# TASK TO CARRY OUT:
Word for word, the data below must be repeated in full; no picture is to be included.

# RECORDED INFORMATION:
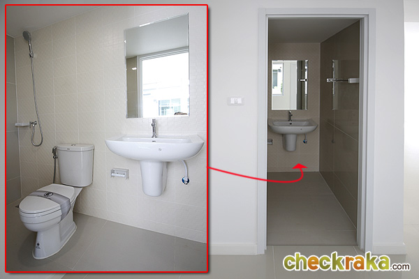 เปรียบเทียบกับบ้านส่งมอบ ห้องน้ำก็อยู่ที่เดียวกับบ้านแบบแรกค่ะ
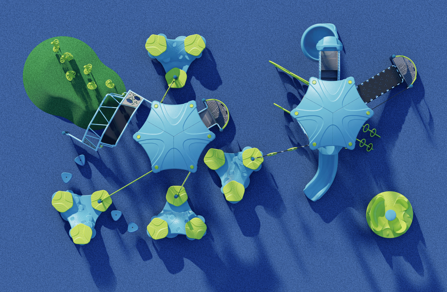 Freestanding play elements not only broaden your play space, but also enhance the overall play value of the design. Our Catalina Climbing System allows you to create a structure thatis either expansive or compact, short or tall. Its adaptability makes it suitable for any setting, be it a preschool play area or a space designed for older kids.
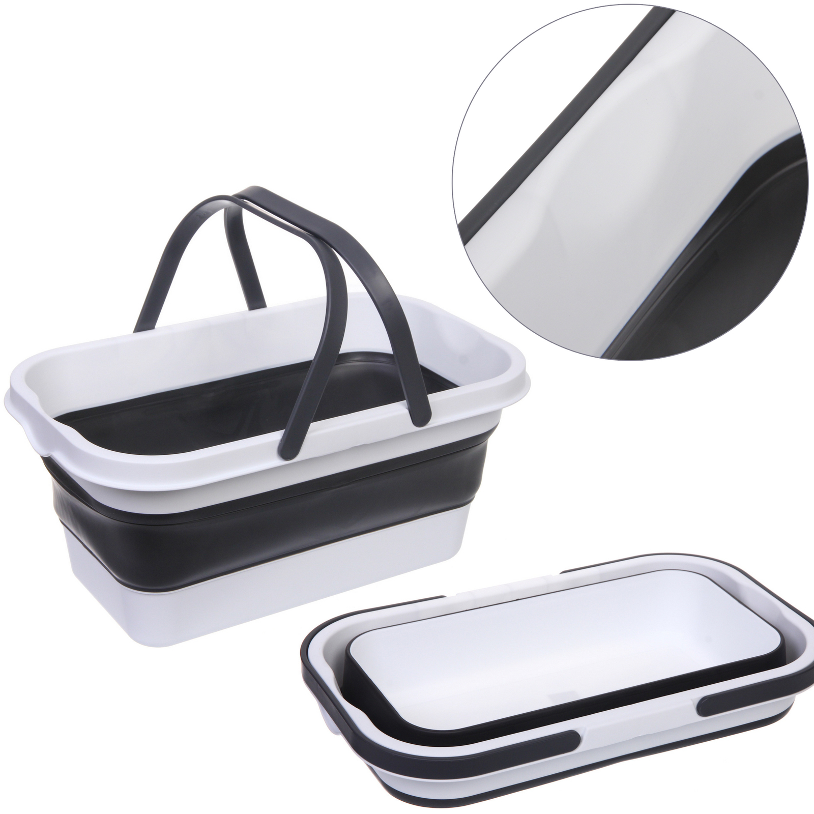 Ведро складное 16л, силикон/пластик, белое/черное, для уборки и стирки

# COMPLETED TASK:
 เปรียบเทียบกับบ้านส่งมอบ ห้องน้ำก็อยู่ที่เดียวกับบ้านแบบแรกค่ะ
 Freestanding play elements not only broaden your play space, but also enhance the overall play value of the design. Our Catalina Climbing System allows you to create a structure thatis either expansive or compact, short or tall. Its adaptability makes it suitable for any setting, be it a preschool play area or a space designed for older kids.
 Ведро складное 16л, силикон/пластик, белое/черное, для уборки и стирки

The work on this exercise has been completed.